Dolly Parton Jokes


Q: Do you know what size of shoe Dolly Parton wears?
A: .....Neither does she.

Q: What do you get when you put Bill Clinton, Al Gore and Dolly Parton in the same room?
A: Two boobs and a country singer. 

Q: Did you hear about Dolly Parton passing out on stage?
A: It took four guys to carry her off -- two abreast. 

Q. Dolly Parton has been rumored to be a lesbian, so why do she and her husband remain married?
A. So he won't suffer from post-Parton depression.

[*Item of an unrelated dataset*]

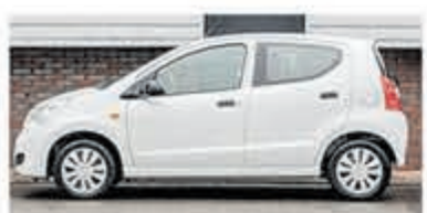
Suzuki Alto 1.0 Comfort EASSS €4.950,-

Q. How can you spot Dolly's children in a crowd?
A. They're the ones with stretch marks round their mouths. 

What do call the sweat on Dolly's chest?
Mountain DEw

Why is Dolly's waist so small?
Nothing grows good in the shade.

Q: What do you call dumbass fans who can't understand the concept of humour?
A: Dollyfans

Q: Why does Dolly have small feet?
A: Everything grows smaller in the shade.

Q: What do you get when you pour water down Dolly Parton's chest?
A: Islands in the Stream

Q: What do you call people who defend Dolly Parton?
A: Unfortunately deaf

Q: What do you call people who make mean jokes about Dolly Parton?
A: Jealous Ass-holes 

Q: What's worse than a giraffe with a sore throat?
A: Dolly Parton with a chest cold.

Q: What do you call Dolly Parton doing the backstroke?
A: Islands in the Stream

Dolly Parton is so skinny that when she turns sideways, she looks like she's smuggling melons.

Heaven
QUEEN Elizabeth and Dolly Parton die on the same day, and both go before an Angel to find out if they'll be admitted to Heaven.
Unfortunately, there's only one space left that day, so the Angel must decide which of them gets in.
The Angel asks Dolly if there's some particular reason why she should go to Heaven.
Dolly takes off her top and says, "Look at these, they're the most perfect breasts God ever created, and I'm sure it will please God to be able to see them every day, for eternity".
The Angel thanks Dolly and asks Her Majesty the same question.
The Queen takes a bottle of Perrier out of her purse, and drinks it down. Then, pees into a toilet and pulls the lever.
The Angel says, "ok, your Majesty, you may go in".
Dolly is outraged and asked,"What was that all about, I show you two of God's own perfect creations and you turn me down. She pees into a toilet and she gets in! Would you explain that to me"?
"Sorry, Dolly says the Angel, but even in Heaven A Royal Flush Beats a Pair No Matter How Big They Are".